Torres’ lack of match fitness was painfully apparent during Spain’s World Cup journey and, with his pre-season delayed further by the groin injury against the Netherlands, he is still playing catch-up.
“He has gone three years without a break and he has suffered a few injuries as well but he is still the person everyone would want to play number nine for them,” said Kenny Dalglish yesterday. “We should be grateful he is here. It is a great compliment to him that when he has a bad game it is such a highlight and makes a headline in a newspaper.”
But Torres’ undisguised frustration at Birmingham owed little to his rehabilitation from injury. This week the striker reflected on the start of his goal-scoring sequence against United, the equaliser that provided Liverpool with the platform for their outstanding 4-1 victory at Old Trafford in March 2009. His thoughts were as damning as they were justifiable. “To this day that has to be one of my favourite days wearing the Liverpool shirt,” he said.
No one would dispute that tearing Vidic’s Player of the Year nomination apart, sliding to the knees before the away corner at Old Trafford and hauling a club back into the title race is an isolated moment for any Liverpool striker to savour. But it is not enough for a World and European champion at international level, a player who, after six barren years at Atletico Madrid, left his boyhood club in search of silverware at Anfield in 2007. The Liverpool of 2007, even March 2009, are not the Liverpool of 2010, however.
The midfield supply to Torres at Birmingham comprised Maxi Rodriguez, Lucas Leiva, Christian Poulsen and Milan Jovanovic – signed for a sum total of €12.5 million by a club that received €60 million for its previous central midfield of Xabi Alonso and Javier Mascherano and has, in fairness, reinvested €14 million in the Raul Meireles.
“I was watching him against Birmingham and he wasn’t flying but he was still dangerous,” Ryan Giggs argued. “When he gets chances he puts them away, so we have to be more wary of that than ever.”
Irrespective of distractions, injury or service, recent history will warn United against any complacency towards one of the finest forwards in the game today.
Rio Ferdinand, who suffered when Torres returned from injury to inspire Liverpool to victory at Anfield last season, says: “People jump on the bandwagon.
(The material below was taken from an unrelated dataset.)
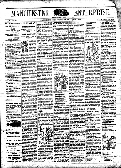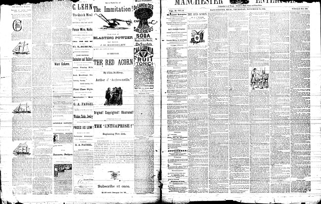 Text (1887)Part of Making of Modern MichiganManchester enterprise. Vol. 20 no. 10 (1886 November 18)
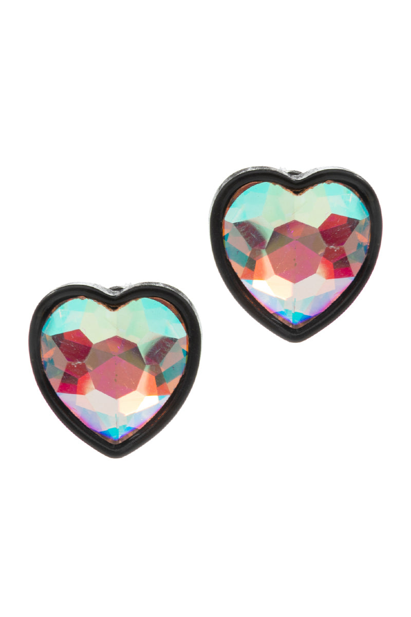 Heart Shaped Ab Glass Stone Post Earrings

Players get injuries. He is a great player and has proved that. Two months ago everyone was saying what a world-class player he is, so to become a bad player overnight just doesn’t happen.
“He has been injured for a long time and is just on his way back. You can’t expect him to be the same straight away. I’m under no illusions that, if I play, I will be coming up against a top-class player. You would expect him to produce a world-class performance.”